Key Takeaways with Craig

CME Equity Index futures were lower overnight after news out of China suggested that their economy may be slowing hit the wire.  However, US Equity prices recovered throughout the day to end broadly higher.  At the money implied volatility in the E-mini S&P 500 options that expire in 30 days actually increased along with the increase in S&P 500 prices.  However, when we look at the 25 Delta Strikes, we find that implied in the Calls increased from 12.55% to 15.84%, while that in the Puts only increased from 18% to 19.6%.  This is the closest we’ve seen Calls trade to Puts in six months.

According to  CME’s Micro Treasury futures, 2, 5 and 10-Year Yields were all down by about 5-6 basis points while the 30-Year Yield was little changed on the day.  The 2-Year continues to yield higher than the 10-Year, currently by about 40 basis points.  Despite this decline in yields, the US Dollar gained on most major currencies in CME’s FX futures markets; earlier in the day the Euro FX future was down by 1% versus the US Dollar, though it was trading off those lows in late afternoon action.

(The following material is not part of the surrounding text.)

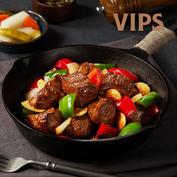 패밀리 레스토랑에서 먹던 스테이크를 집에서도 즐기고 싶다면 빕스의 ‘부채살 찹스테이크’를 시도해봐요. 밀키트 전문회사 마이셰프가 빕스와 콜라보해 만든 제품으로, 만들기 쉬운데 맛있다는 평이 많아요. 고기뿐 아니라 양파, 파프리카 등 채소도 함께 들어 있어서, 재료를 팬에 볶기만 하면 요리 한 그릇이 완성돼요.

Finally, WTI Crude Oil also closed above earlier lows, but was still down by about 3% near the end of the day.  As you can see from the orange line in the top QuikStrike graph below, the price of WTI Crude Oil futures is trading near 6 month lows.  The lower QuikStrike graph is that of the 25 Delta Risk Reversal (Call Volatility minus Put Volatility) in the WTI Crude Oil options.  As you can see, after Calls traded by as much as nearly 25% higher than Puts back in March, the Puts are now trading about 6% higher than the Calls.